In Indian inscriptions the letter is rather infrequent, and the shape is quite different. In the Wardak epigraph, however, it is found, in the same form as in our legend, in the word patiaiae, Sanskrit ftraiyalniaya `for the sharing', though it has not hitherto been recognized, having been transliterated as d. From the view-point of Indian Kharosthi the Lou-lan silk inscription is therefore of importance as showing us a hitherto unknown form of the letter.

Now the distance between Wardak and the find-place of the silk strip is no doubt considerable, and it might be considered rash to draw any chronological inferences from the similarity of the script used in these different places. But there are several indications to show that the intercourse was not inconsiderable, and in the case of the Wardak record these indications even extend to the occurrence of the personal name Mareg-a, which we only know from Central Asia. I therefore think that we are quite justified in assuming that our silk legend belongs to about the same time as the Wardak inscription.

The latter is dated on the 15th Artemisios of the year 51. There is a general consensus of opinion to the effect that the era is the same which we know from many Indian records and which starts from the inauguration of the famous king KANISKA.

But there is no unanimity about the initial point of this reckoning. Most scholars apparently hold that we have to do with the well-known Indian aka era beginning in 78/9 A. D. and that the Wardak inscription accordingly goes back to about 130 A. D. It would lead us too far astray to repeat the arguments which, in my opinion, make it impossible to identify the KANISKA reckoning with the aka era. I am still convinced that we must assume an epoch for the former in A. D. 128/9, and that the Wardak inscription is dated on April 25, A. D. 179. Our silk strip would accordingly seem to have to be ascribed to the last decades of the second century A. D. And such a dating seems to agree with what we know from other sources.

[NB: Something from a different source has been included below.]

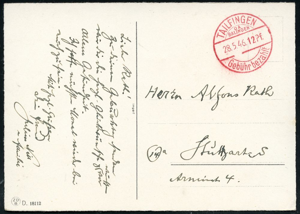 4818 | 15 € | POSTLEITRAUM 7400 (OHNE REUTLINGEN u. TÜBINGEN) : TAILFINGEN/ OA/ BALINGEN/ 12 Pf./ Gebühr bezahlt 1946 (28.5.) 1K-Brücken-PFS mit Wertangabe ohne Uhrzeit , klar gest. Künstler-Ak.: Fingerhut n. Stuttgart = Schalter-Freistempel mit Postkarten-Porto! (Dü.A-6, Nr.25) | ![]() ![]() | |

In his Serindia, Oxford 1921, pp. 373 f., Sir AUREL STEIN describes a bale of silk found at Lou-lan. Its width is 18 3/4 inches. At one of the ruined watch-stations of the ancient Chinese limes west of Tun-huang he subsequently found two strips of undyed silk, and one of them bears a Chinese inscription which CHAVANNES translated `a roll of silk from K'ang-fu in the Jen-ch'eng kingdom ; width 2 feet 2 inches ; length 4o feet; weight 25 ounces; value 618 pieces of money'. Sir AuREL adds: "The mention of the kingdom of Jen-ch'eng, which was established in A. D. 84 in the province of Shan-tung, still one of the chief silkproducing regions in China, proves the silk to date from the end of the first or the beginning of the second century A. D.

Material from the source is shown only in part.